MUTLAK TECRİT SİSTEMİ VE İŞKENCESİNE DİRENEN ÖNDER APO’YU SELAMLIYORUZ
KCK Genel Başkanlık Konseyi açıklamasında şunlar belirtildi:
“Uluslararası komplonun üzerinden geçen 24 yıl boyunca, İmralı esaret koşullarına ve mutlak tecrit sistemine ve işkencesine karşı yüksek bir irade gücü ve olağanüstü düşünsel bir üretkenlik ile direnen Önder Apo’yu selamlıyoruz.

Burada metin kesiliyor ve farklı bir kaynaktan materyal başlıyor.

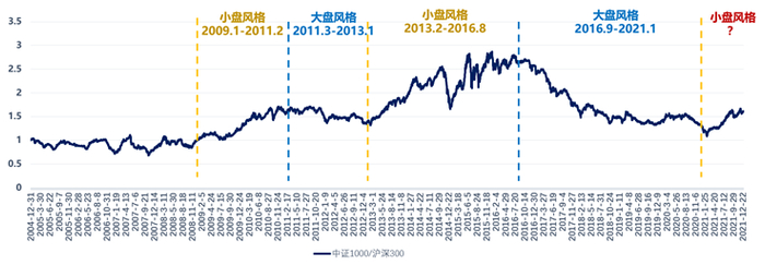 2009年后A股市场出现了明显的风格特征,经历了四轮大小盘风格切换。2021年春节后(2021.2.18-2021.12.23)代表大盘股的沪深300指数下跌14.79%,代表小盘股的中证1000指数上涨25.85%,小盘风格初见端倪。
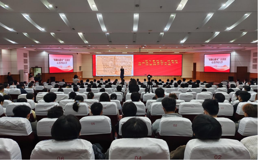 仪式结束后,“英雄山薪火”宣讲团为济南大学师生送上一场感人至深的红色宣讲,声情并茂地讲述了《勋章》《你好,馨华同志》《豫鲁山河间的血色纽带》等红色故事,生动诠释了革命先辈如山的信仰、如火的初心与不屈的气节,深深打动了在场每一位师生,现场反响热烈。

Başını ABD’nin çektiği uluslararası kapitalist hegemonik güçler, 21. yüzyıla Büyük Ortadoğu Projesi ile girmeye hazırlanırken, Önder Apo’yu ve PKK öncülüğünde yürütülmekte olan Kürt Özgürlük mücadelesini, kendi kapitalist modernist ve emperyalist çıkarları önünde duran en büyük engel olarak görüp tanımladılar. Çünkü Önder Apo’nun yol açtığı Özgür Kürtlüğün, tüm Ortadoğu’yu etkisi altına alma potansiyeli taşıdığını, daha o zamandan görüp tespit etmişlerdi. Kürtler, Ortadoğu’nun dört temel ülkesi arasında paylaştırılmış ve PKK öncülüğündeki Kürt Özgürlük Mücadelesi de her dört ülkedeki Kürtleri, önemli bir mücadele duruşu içerisine çekmeyi başarmıştı. Dört parça Kürdistan’da ve yurt dışı alanlarda özgürlük bilinciyle kuşanan Kürtler, yeni bir yüzyılı daha Öndersiz ve statüsüz geçirmek istemiyorlardı ve bu temelde Önder Apo ve Özgürlük Mücadelesini tereddütsüzce kucaklamışlardı. Mücadeleye her türlü desteği ve katılımı gösteriyorlardı. Giderek Ortadoğu’da demokrasi ve özgürlük değerleri lehine, en büyük değişim ve dönüşüm dinamiği haline geliyorlardı. ABD’nin başını çektiği kapitalist hegemonik güçlerin, 9 Ekim’de startını verdiği uluslararası komplo ile hedefledikleri, Ortadoğu’da giderek merkezi bir rol oynamaya başlayan, bu yeni Özgür Kürt iradesini ortadan kaldırmaktı. Bu amaçla uluslararası komplo tezgahını, çok kirli bir işbirliği içerisinde kurdular. Gerçekleşmesi için kendi aralarında her türlü tavizi alıp vermekten çekinmediler. Çünkü Kürt Özgürlük Mücadelesi’nin bitirildiği, tasfiye edildiği bir Ortadoğu’yu daha kolay ele geçirip istedikleri gibi, yeniden dizayn edebileceklerini hesapladılar.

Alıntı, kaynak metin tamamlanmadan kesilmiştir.